# Sigma 70-300mm VS Sigma 55-200mm VS Tamron 70-300mm VS Nikon 55-200mm



## dan.rpo (Mar 22, 2009)

Hey all. I have had a few posts before this in the same field; 
I am in the market for a wide angle-telephoto/zoom lens. I have a Nikon D40 (so i need the built in motor). Was asked to take some candids at an upcoming wedding. Don't have an iTTL flash yet, will buy with lens. 

I am between these lenses: 
Sigma 70-300mm 
Sigma 55-200mm
Tamron 70-300mm
Nikon 55-200mm

Any feedback or suggestions would be greatly appreciated. Thanks!


----------



## epp_b (Mar 22, 2009)

> wide angle-telephoto/zoom lens


I'm going to assume your confused about your terminology, because "wide angle" and "telephoto" are opposites.

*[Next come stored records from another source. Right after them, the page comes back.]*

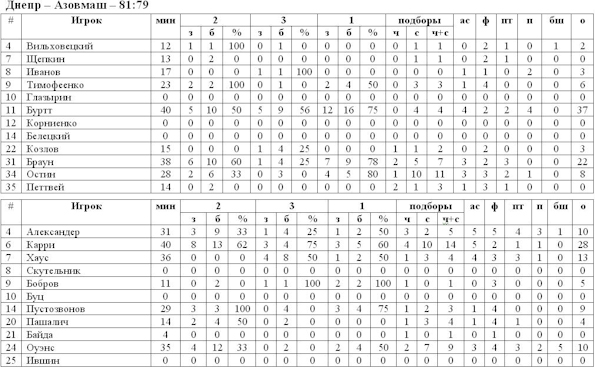Кульминацией кубковых противостояний стал матч, в котором «Днепр» играл с «Азовмашем». Встреча прошла в лучших традициях финала. Равная игра, высокие скорости, эффектные завершения атак, досрочные удаления за перебор фолов, драматическая развязка – всё это было в противостоянии мариупольцев и днепропетровцев. Начался матч с дальнего попадания Хауса, таким образом, хозяева паркета сразу же оказались в роли догоняющих. Разница в счёте не превышала пяти очков, роль лидера в команде Журавлёва на себя взял Стивен Буртт, американец не только сам действовал очень результативно, но и отдавал точные передачи на партнёров по команде. Марио Остин за три секунды до конца четверти точно исполнил два штрафных и сравнял счёт. Вторая десятиминутка позволила «Днепру» впервые в этой встрече выйти вперёд, на паркете по-прежнему велась упорная борьба, множество фолов и жёсткие противостояний лишний раз подчёркивали это. Сумел разбросаться в этом периоде и лидер «машиностроителей» – Карри, в то время как у днепропетровцев от атаки к атаке прибавлял Браун. На большой перерыв команды ушли при счёте 44:40 в пользу хозяев, самое интересное болельщиков ожидало уже во второй половине. Рамелл Карри в третьей четверти продолжал терзать оборону соперников своими разящими проходами, не раз защитнику удавалось забивать «два с фолом» и это принесло свои плоды. «Машиностроители» смогли ликвидировать разницу в счёте и вернуть себе лидерские позиции. Оставшееся время превратилось в настоящую гонку за титулом МVP: Буртт и Карри превосходили по результативности абсолютно всех игроков, безусловно, каждый из них думал в эти минуты не о заветном звании самого ценного игрока, а о победе своей команды в финале, но всё же эта дуэль бомбардиров была крайне интересной. Напряжение на паркете сохранялось вплоть до самой финальной сирены. Ключевым стал эпизод за минуту до конца матча, когда Буртт в центре поля сумел выполнить перехват и в отрыве набрать два очка, тем самым, сравняв счёт (79:79). Уже в следующей атаке Карри попытался осуществить очередной проход, но мяч после его броска предательски попал в дужку кольца и снова оказался у днепропетровцев. Фол Александера на всё том же Буртте вынудил Диметриуса закончить встречу досрочно, а лидер «бело-синих» реализовал один из двух и вывел свою команду вперёд. Следующая атака «Азовмаша» получилась точным отображением предыдущей. Снова неудачный проход Карри, снова фол на игроке «Днепра» (на этот раз это был Остин) и снова один из двух точно выполненных штрафных (81:79). «Азовские львы» имели возможность вырвать победу, но дальний бросок Хауса не достиг цели и первый трофей этого сезона отправился в руки команде Журавлёва.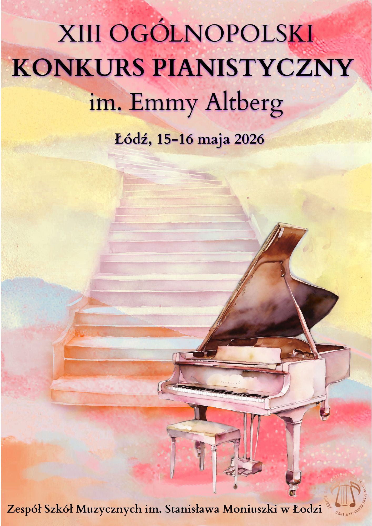 Serdecznie zapraszamy do udziału w XIII Ogólnopolskim Konkursie Pianistycznym im. Emmy Altberg, skierowanym do uczniów klas fortepianu szkół muzycznych I stopnia, który odbędzie się w dniach 15–16 maja 2026 r. w Łodzi.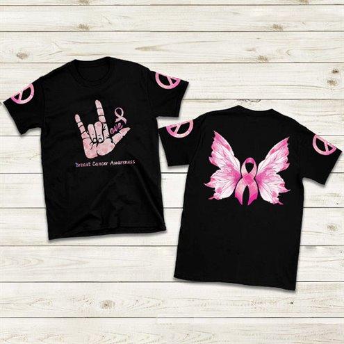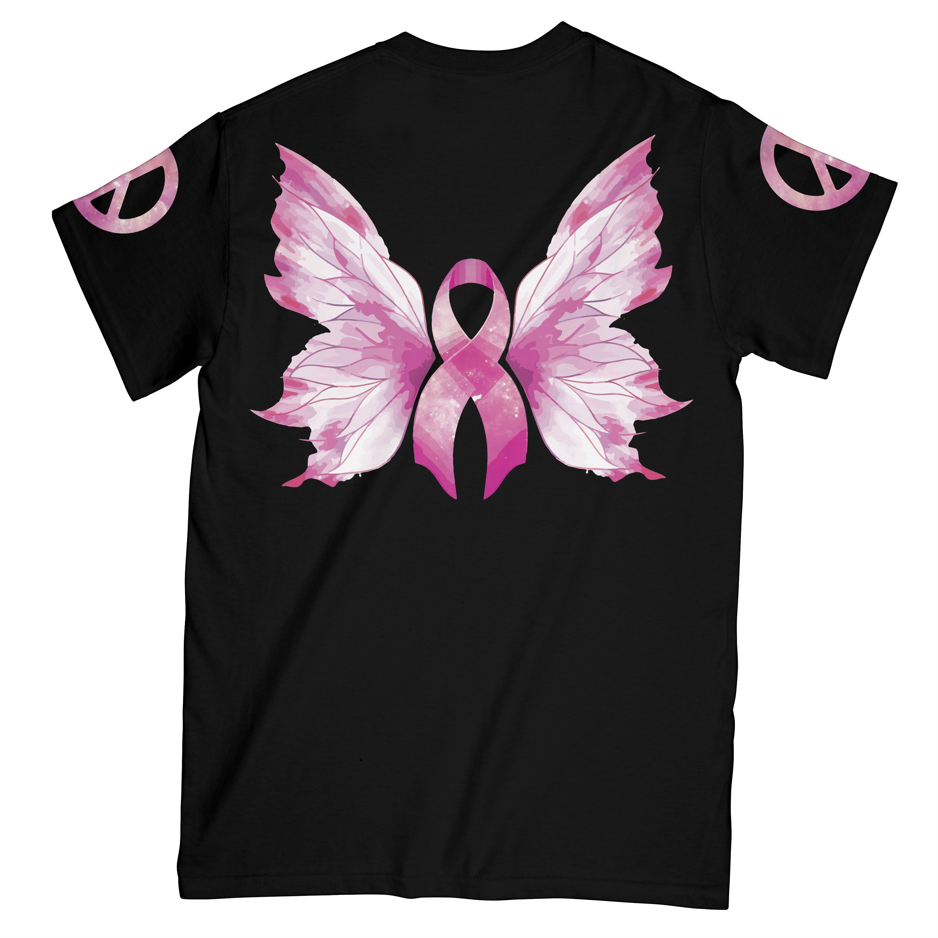 Peace Love Cure Black Breast Cancer Awareness All Over Print T-Shirt, Support Gift For Breast Cancer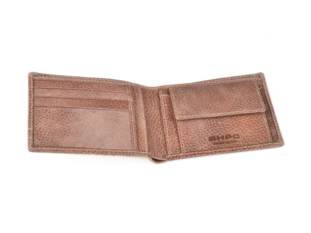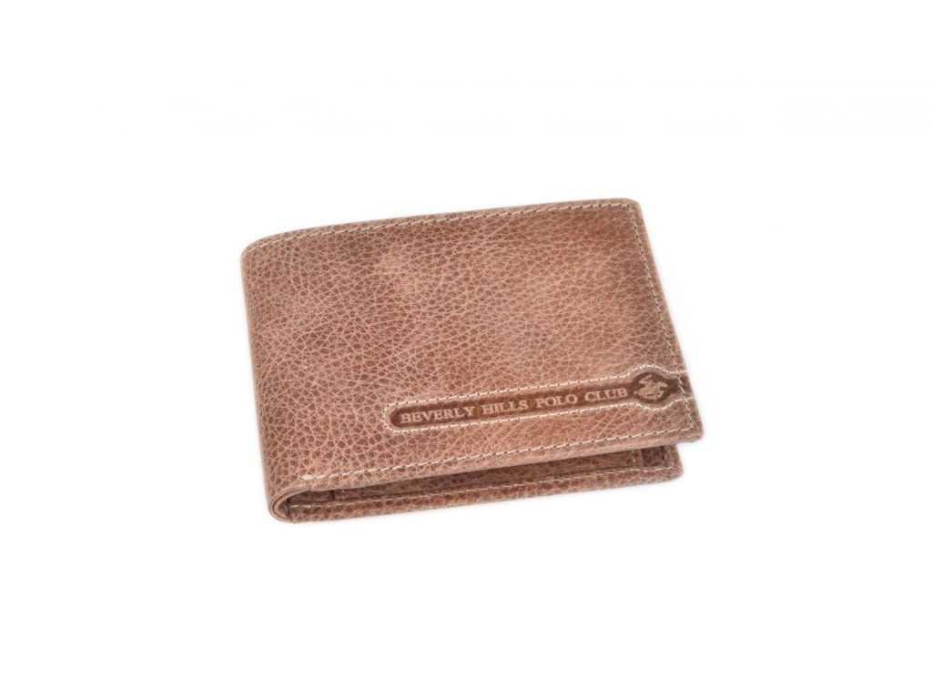 Pánská celokožená peněženka z kolekce značky Beverly Hills Polo Club v hnědé barvě linie Tucson, přihrádka na bankovky, kapsa na doklady a organizér na platební karty, kapsa na mince na patent.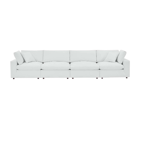Bright white vegan leather 4 piece modular sofa. This is a down sofa for extra comfort. Part of the Aspen family. Seat height 20".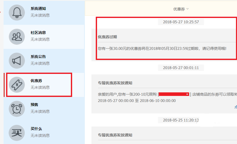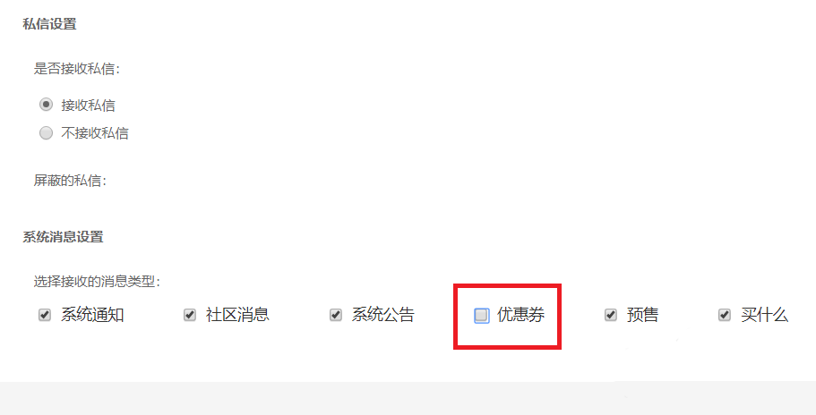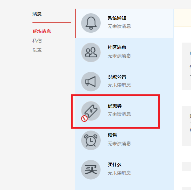 6、我們把優惠券前面的勾選取消,然后回到剛才的消息頁面,這個時候可以看到優惠券那一行上面已經被打上了禁止標識。說明配置成功,至此,后面都不會給你發各種優惠券過期提示了。

Given that list, I suggest the Nikon 55-200 VR.  It's plenty cheap and very good.  Make sure it's the VR version, firstly because VR is extremely useful and, secondly, because this version has vast improvements over the original.  The original is actually a pretty crappy lens while the newer, VR version is quite good.


----------



## dan.rpo (Mar 22, 2009)

well i said wideangle/telephoto in the sense that i saw some lenses that were 18-200 for example. i kinda figured 55-200 was the same as well.


----------



## dan.rpo (Mar 22, 2009)

however, i can buy the Tamron 70-300 MUCH cheaper than the Nikon 55-200VR. not sure if the tamron has vibration reduction. but why would i one choose the nikon over the tamron in this situation?


----------